- Hohlfeld at the 2008 Daytime Emmys.
- Born: March 30, 1957 (age 69) St. Louis, Missouri, U.S.
- Occupation: Screenwriter
- Spouse: Nicole Dubuc ​(m. 2014)​

= Brian Hohlfeld =

American screenwriter

Brian Hohlfeld (born March 30, 1957) is an American screenwriter who is best known for writing He Said, She Said and work with Disney's Winnie the Pooh franchise.
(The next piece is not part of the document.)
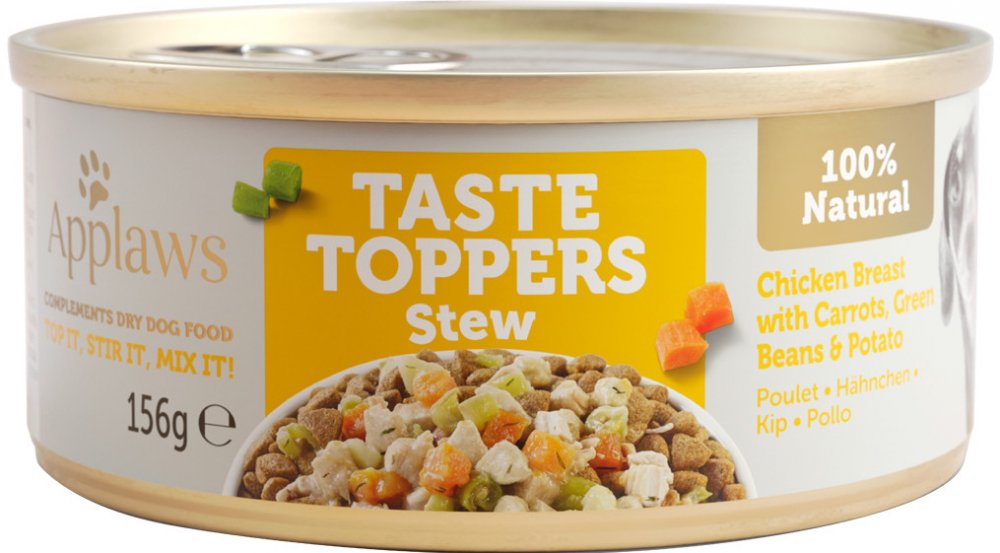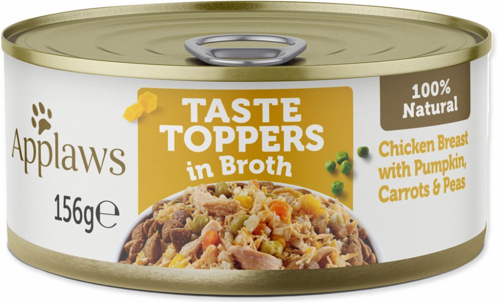 Inovovaná kolekce konzerv Applaws rozšířená o kapsičky a vývarové sáčky na jedinečnou kolekci Taste Toppers je ideální pro zchutnění, zatraktivnění a obměnu chuti běžného granulovaného krmiva. Díky Taste Toppers můžete svému pejskovi podávat měsíce stejné granule (vybírejte jen kvalitní) a každý den je zpestřit jinou chutí z konzerv, kapsiček či vývarových sáčků.

Hohlfeld is responsible for numerous uncredited feature rewrites including work on The Mighty Ducks. Before moving to Los Angeles, California, he taught film appreciation at Webster University in his hometown of St. Louis, Missouri. He wrote and produced the preschool television series My Friends Tigger & Pooh for which he received the 2008 Humanitas Prize for Children's Animation.

==Filmography==
- Sesame Street Presents: Follow That Bird (1985; voice)
- He Said, She Said (1991; screenwriter)
- On the 2nd Day of Christmas (1997; writer)
- Winnie the Pooh: A Very Merry Pooh Year (2002; screenwriter)
- Piglet's Big Movie (2003; screenwriter)
- Pooh's Heffalump Movie (2005; screenwriter)
- Abdul Loves Cleopatra (2005; screenwriter, editor, director, and producer)
- Pooh's Heffalump Halloween Movie (2005; screenwriter)
- My Friends Tigger & Pooh (2007; writer and executive producer)
- Transformers: Rescue Bots (2012; writer and supervising producer)
- Transformers: Robots in Disguise (2017; writer)
- Sunny Day (2017, writer)
- Stretch Armstrong and the Flex Fighters (2017–2018, writer)
- Lego Elves: Secret of Elvendale (2017, writer)
- Chomp Squad (2018, writer and story editor)
- My Little Pony: Friendship Is Magic (2018–2019, writer)
- Esme & Roy (2018–2019, writer)
- The Rocketeer (2019–2020, writer)
- Transformers: Rescue Bots Academy (2019, writer)
- Young Justice (2021, writer)

==Personal life==
Hohlfeld was born in St. Louis, Missouri.

He is married to actress, screenwriter, and producer Nicole Dubuc.